Rendahnya kepercayaan diri pada remaja disebabkan oleh beberapa
faktor. Santrock (dalam Ifdil, dkk., 2017 : 108) menjelaskan salah satu faktor
yang memengaruhi kepercayaan diri adalah penampilan fisik. Perubahan fisik
menimbulkan dampak psikologis yang tidak diinginkan. Ramadhani dan
Putrianti (2014 : 23) menyatakan perkembangan fisik merupakan suatu hal
yang dianggap penting bagi remaja. Penampilan diri yang tidak sesuai dengan
yang diinginkan biasanya menjadi hambatan dalam memperluas ruang gerak
pergaulan, sehingga hal tersebut menjadi sumber kesulitan.
Mikessel dan Foster (dalam Wirantha dan Supriyadi, 2015 : 40)
menyatakan bahwa kepercayaan diri berkaitan erat dengan daya tarik fisik
sehingga individu akan melakukan berbagai usaha agar tampil menarik, sehat,
dan bugar sehingga timbul rasa percaya diri dalam beraktivitas. Remaja yang
36
menilai tubuh dan penampilannya secara negatif tentu tidak akan merasa
nyaman dan tidak percaya diri selama berinteraksi dengan orang lain.

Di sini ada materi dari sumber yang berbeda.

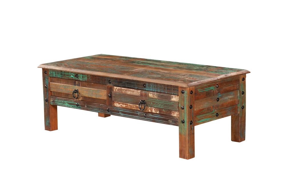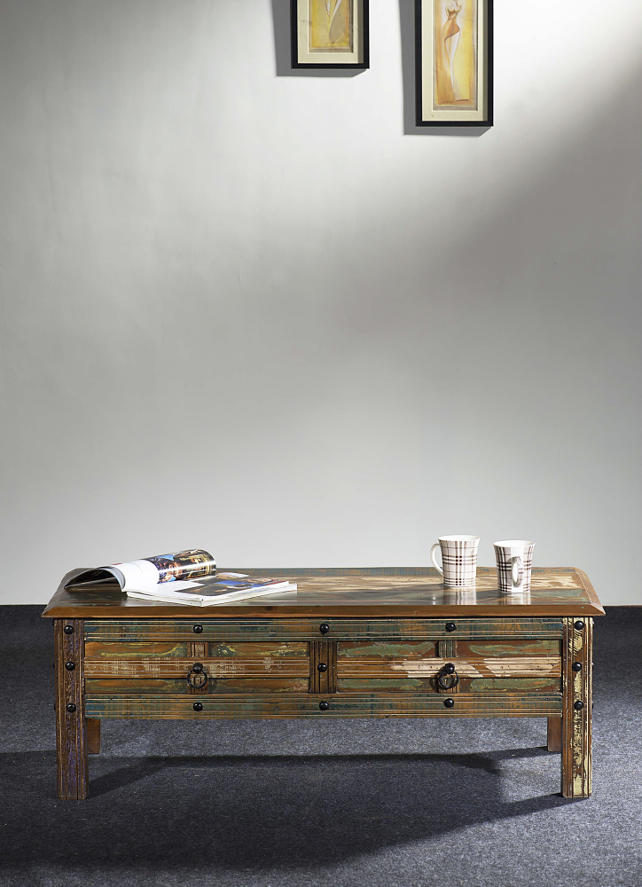 Der Couchtisch KALANKA aus Massivholz (Akazie & Mango, Oberfläche lackiert) beeindruckt durch sein individuelles Design(im Used-Look).
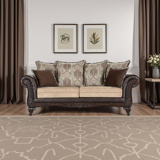 Instill modern appeal with a charming upholstered sofa in soft chenille. Its neutral latte coloration is complemented with tone-on-tone accent pill...
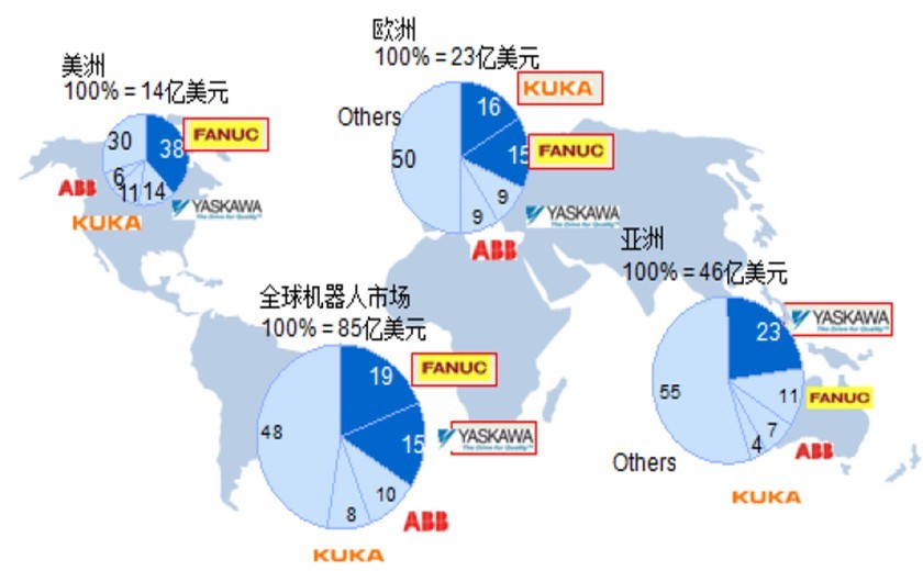 全球四大工業(yè)機(jī)器人巨頭在世界各大區(qū)域市場(chǎng)份額
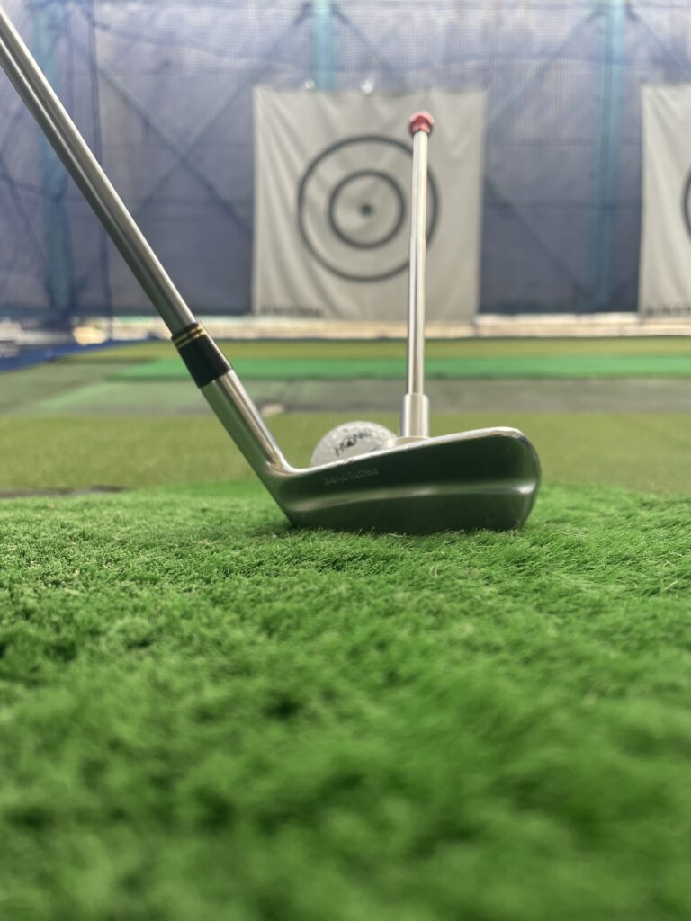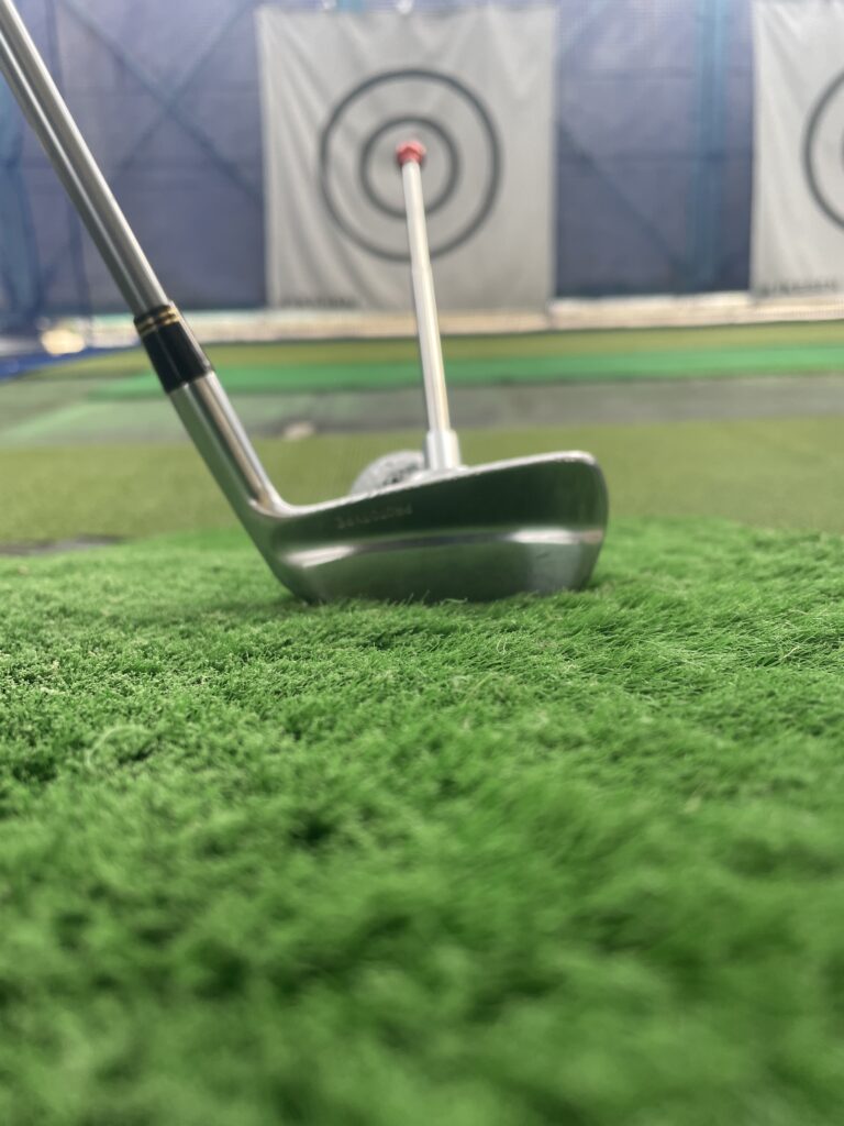 7アイアンで少しフェースを開いて
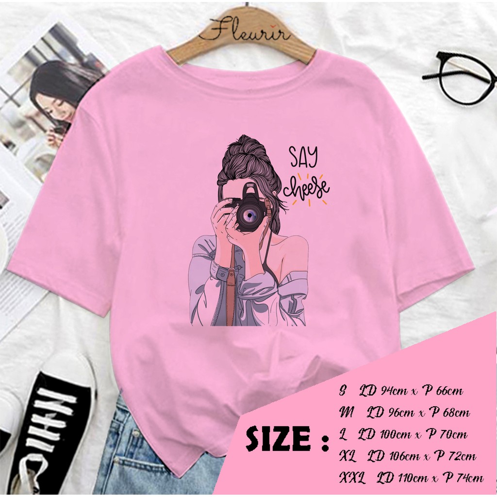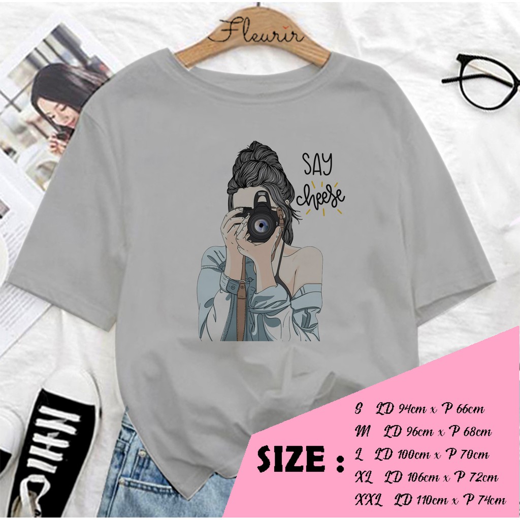 FLEURIR - KAOS WANITA DEWASA LENGAN PENDEK TEE UNISEX WANITA SAY CHEESE

Amin, Bidjuni, dan Kallo (2016 : 4) Ketidakmampuan fisik dapat
menyebabkan rasa rendah diri. Obesitas merupakan salah satu kondisi fisik
yang dapat memengaruhi harga diri dan rasa percaya diri seseorang. Menurut
Sumanto ( 2009 : 13) kadar lemak yang terlalu tinggi dalam darah tentu dapat
menyebabkan kegemukan. Seseorang yang mengalami kegemukan secara
umum akan menghadapi dua macam risiko, yakni risiko psikososial dan
medis. Pada risiko psikososial, orang yang mengalai kegemukan akan
menghadapi hambatan-hambatan fisik, sosial, dan psikologi. Orang yang
kegemukan akan mengalami banyak kesulitan dalam melakukan aktivitas
fisik sehingga mengurangi kesempatan utuk mengikuti berbagai kegiatan,
misalnya bersosialisasi dengan lingkungan sekitar. Orang yang kegemukan
biasanya juga mengalamai tekanan psikis karena merasa minder atau rendah
diri dengan bentuk tubuhnya yang kurang bagus.
D. Hipotesis
Ada perbedaan tingkat kepercayaan diri remaja yang mengalami
obesitas dan tidak mengalami obesitas. Kepercayaan diri pada remaja yang
tidak mengalami obesitas lebih tinggi daripada yang mengalami obesitas.